Ele foi pioneiro não apenas em coletar dados, mas também em criar novas e engenhosas maneiras de ilustrá-los. Uma forma de medir a saúde de uma sociedade é aquilo que, na época de Farr, se chamava “tabela da vida”: definir a taxa de mortalidade de uma população específica por idade. (Tabelas da vida são o que nos permitiu ver que a letalidade da Covid-19 tem uma concentração desproporcional entre os idosos, ao contrário da pandemia de gripe de 1918, que matou um número extraordinário de jovens adultos.)

Num de seus primeiros relatórios, Farr fez um experimento com uma forma engenhosa de ilustrar essas diferenças na saúde pública, valendo-se de dados coletados em três comunidades distintas: Londres, que era uma área metropolitana; Liverpool, que era uma área industrial; e Surrey, que era uma área rural.

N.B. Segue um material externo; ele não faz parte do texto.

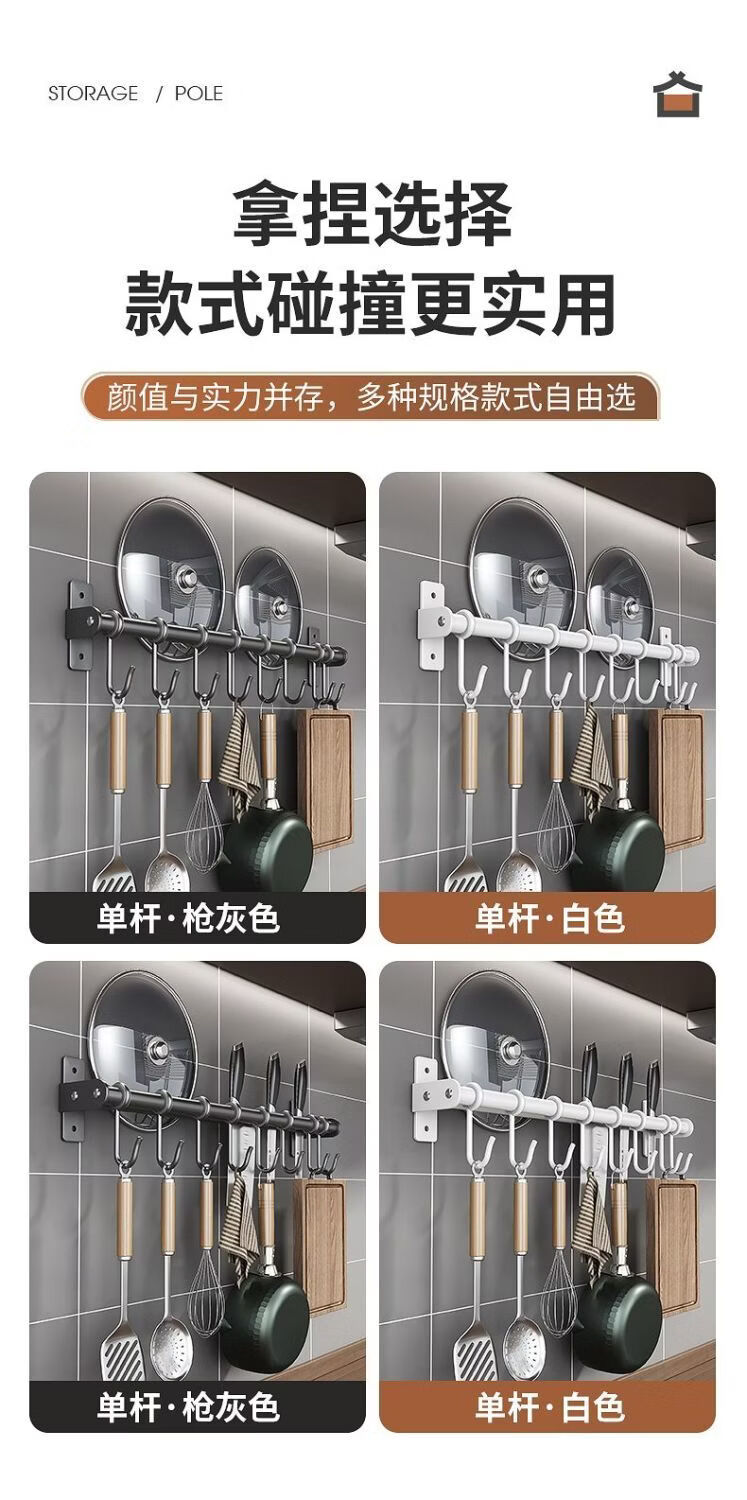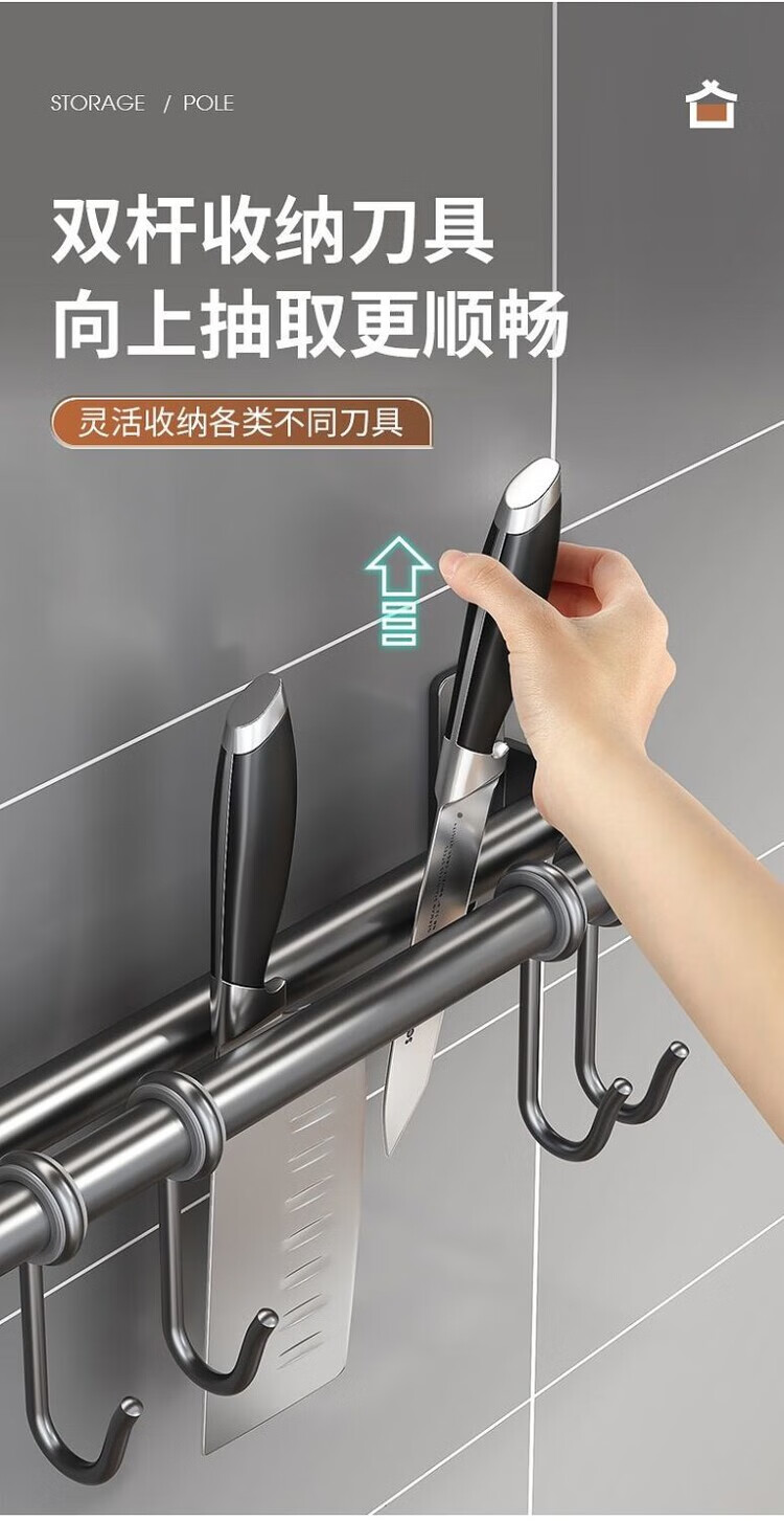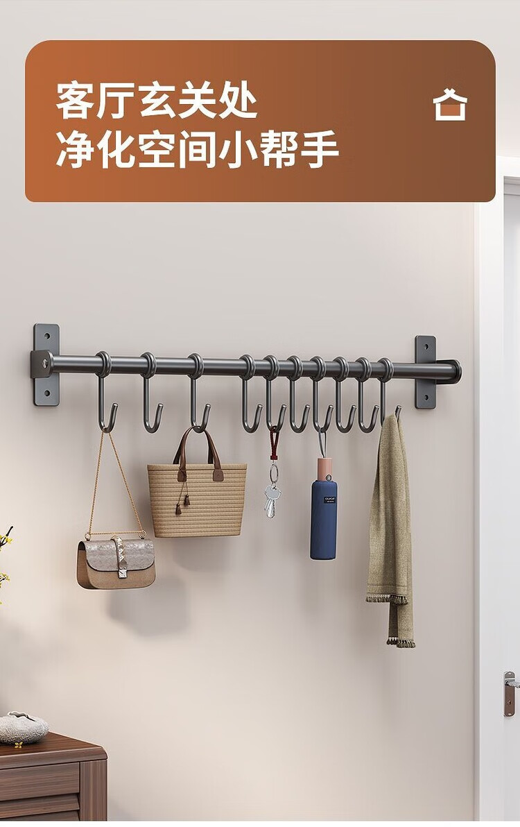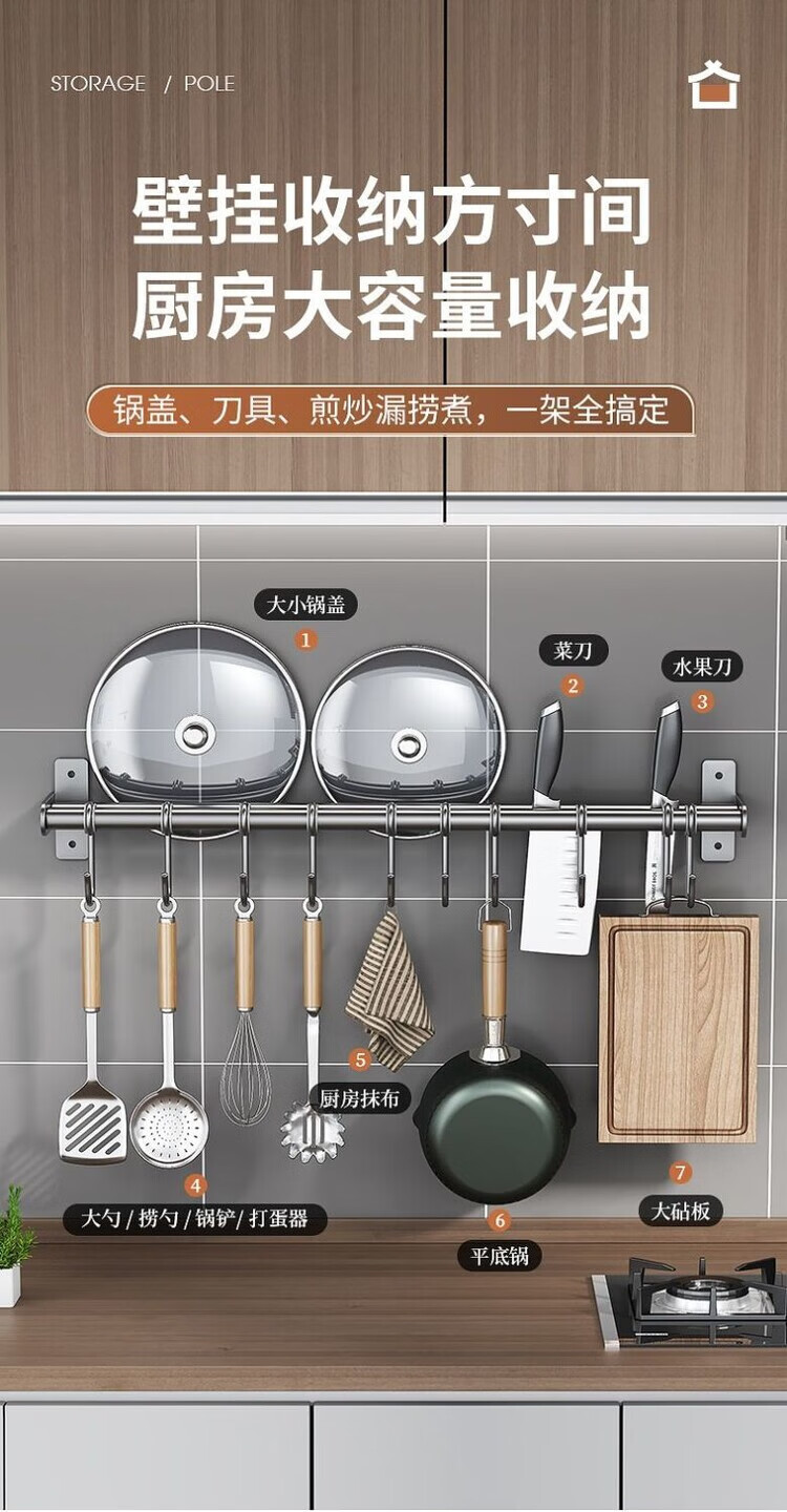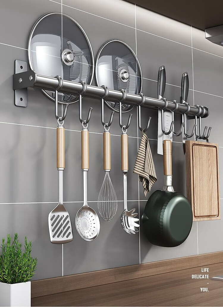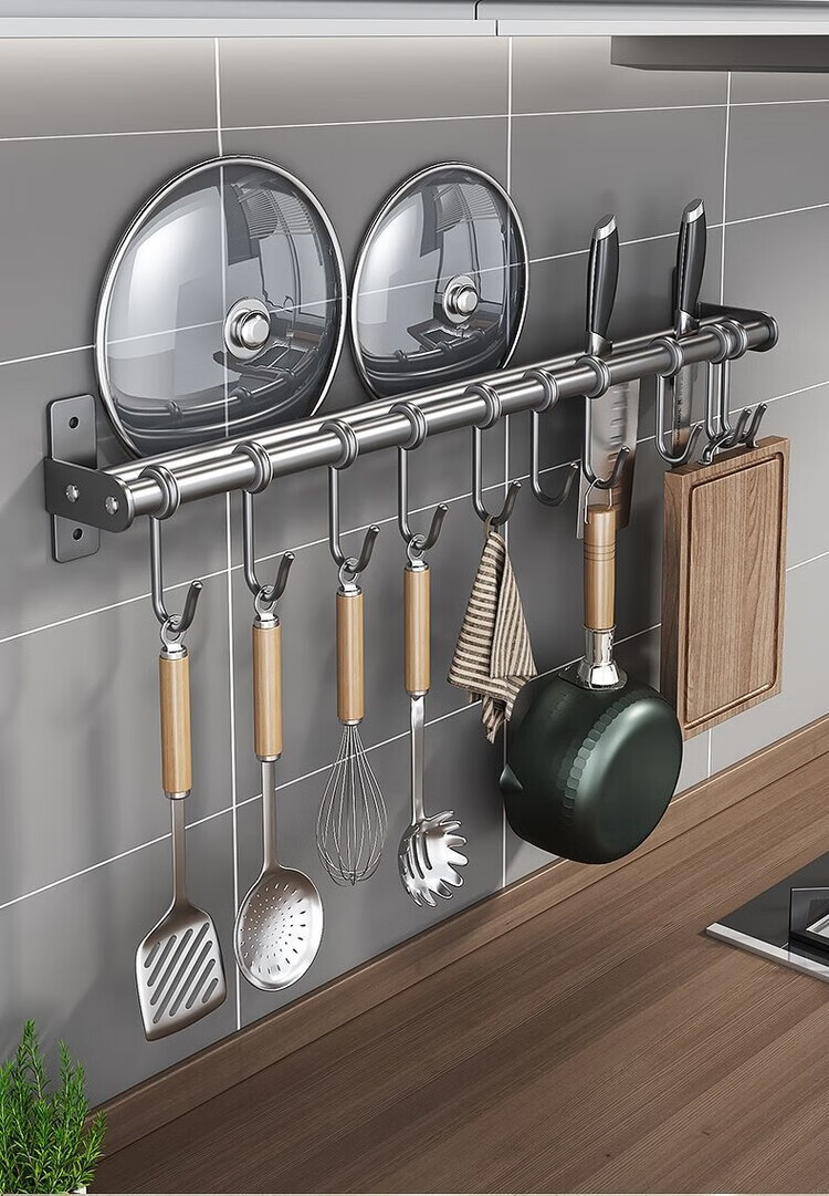 简漾厨房不锈钢多功能壁挂置物架免打孔挂钩挂架挂杆锅盖锅铲收纳刀架 亮光单杆【不可插刀】 30cm带4钩

Era, realmente, um conto de duas cidades — e de uma área do interior. Vistas como um tríptico, as ilustrações passavam uma mensagem clara: densidade era destino. 

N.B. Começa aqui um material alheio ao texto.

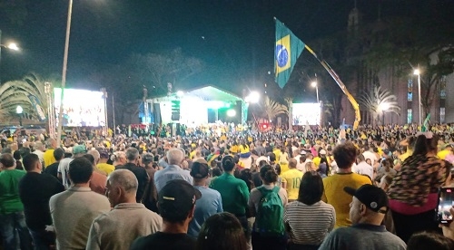 O ex-presidente Jair Bolsonaro participou de comício nesta quinta-feira à noite no centro de Campo Mourão.
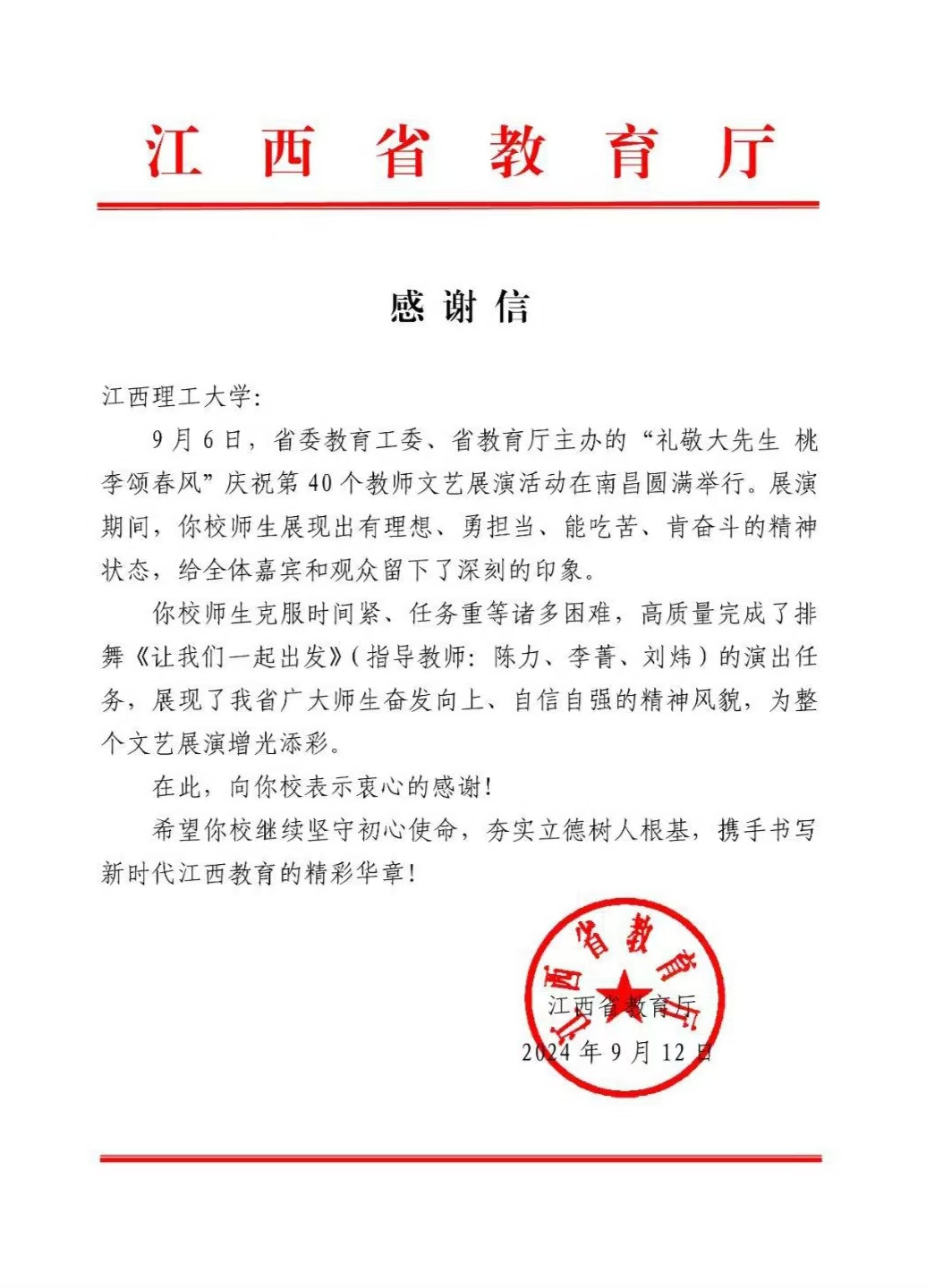 本网讯  9月12日,江西省教育厅向完美online(中国)啦啦操队发来感谢信,信中对学校啦啦操队以“有理想、勇担当、能吃苦、肯奋斗的精神状态”克服诸多困难,高标准完成了排舞《让我们一起出发》节目给予了高度认可,对学校啦啦操队为整个文艺展演作出的卓越贡献致以最诚挚的感谢。

Em Surrey, o aumento da mortalidade após o nascimento era uma curva ascendente e suave, feito uma duna que se ergue acima do nível do mar. Nas cidades, em comparação, a elevação se parecia mais com as falésias de Dover. Aquela subida rápida condensava milhares de tragédias individuais em uma imagem vívida e escandalosa: em Liverpool, mais de metade de todas as crianças morriam antes de completar quinze anos.

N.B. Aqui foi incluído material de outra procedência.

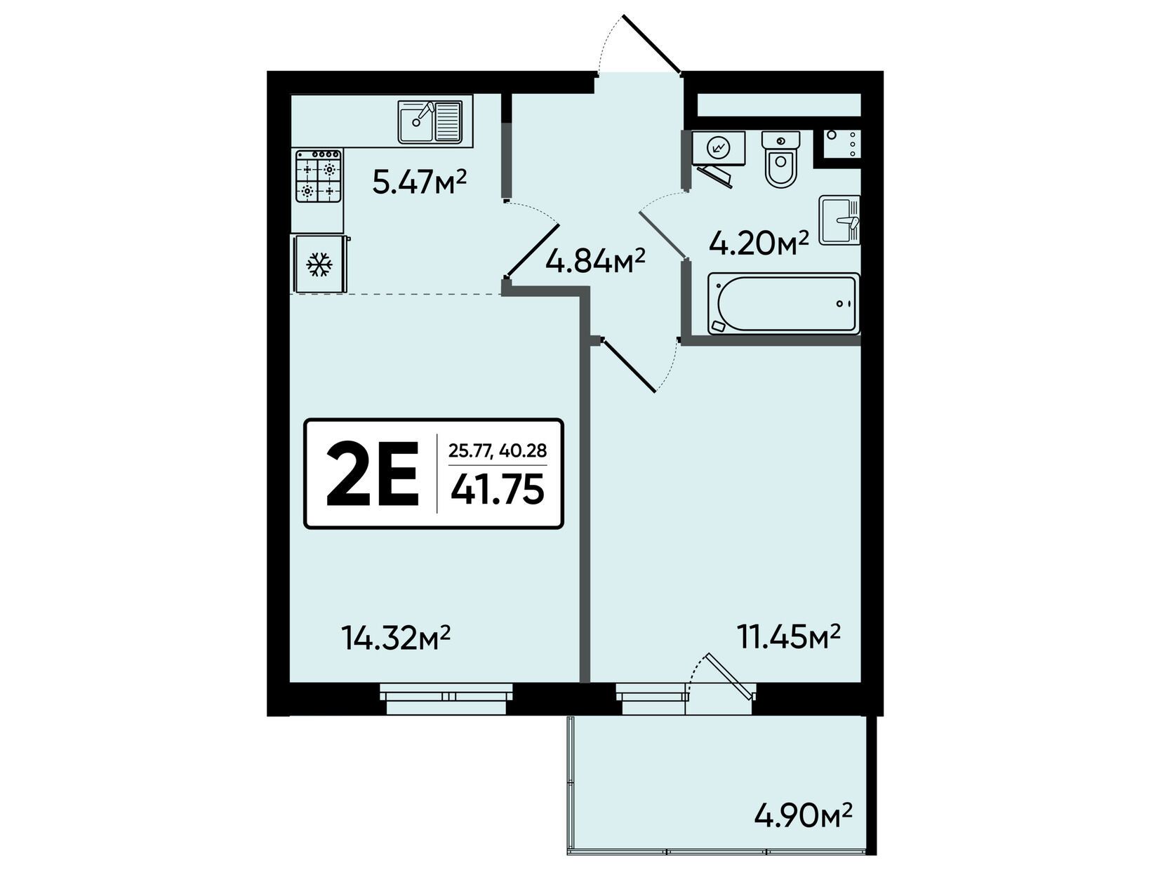 2-комн. квартира, 41.75 м²
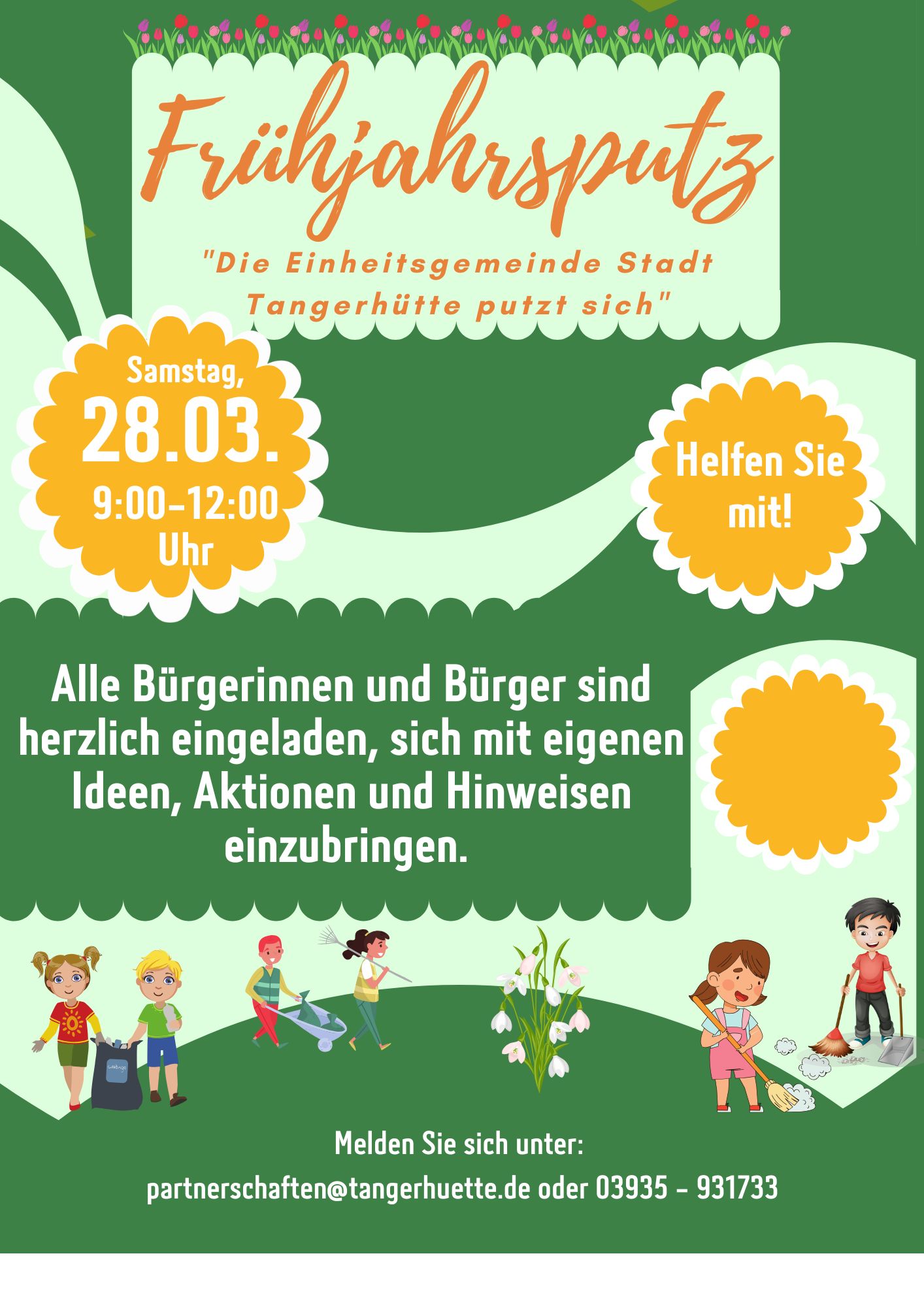 Die Einheitsgemeinde Stadt Tangerhütte beteiligt sich am 28. März 2026 am landkreisweiten Frühjahrsputz und lädt Bürgerinnen und Bürger, Vereine, Einrichtungen und Initiativen zur Beteiligung ein.

A primeira pergunta a que Farr respondeu é relevante para a crise de hoje: até que ponto a densidade urbana contribuía para a taxa de mortalidade? 

Apesar desses números sombrios, Farr continuou a acreditar que a crise sanitária existente nas cidades industriais podia ser mitigada. “Será inevitável a mortalidade excessiva nas cidades?”, escreveu ele no relatório anual do GRO de 1840. “Os primeiros autores que estabeleceram de maneira satisfatória a alta mortalidade das cidades tinham uma visão lúgubre e, talvez, fanática da questão. As cidades foram declaradas vórtices de vício, infelicidade, doença e morte; foram proclamadas ‘os túmulos da humanidade’.” No entanto, continuava ele, “há motivo para acreditar que a aglomeração da humanidade em cidades não é inevitavelmente desastrosa”.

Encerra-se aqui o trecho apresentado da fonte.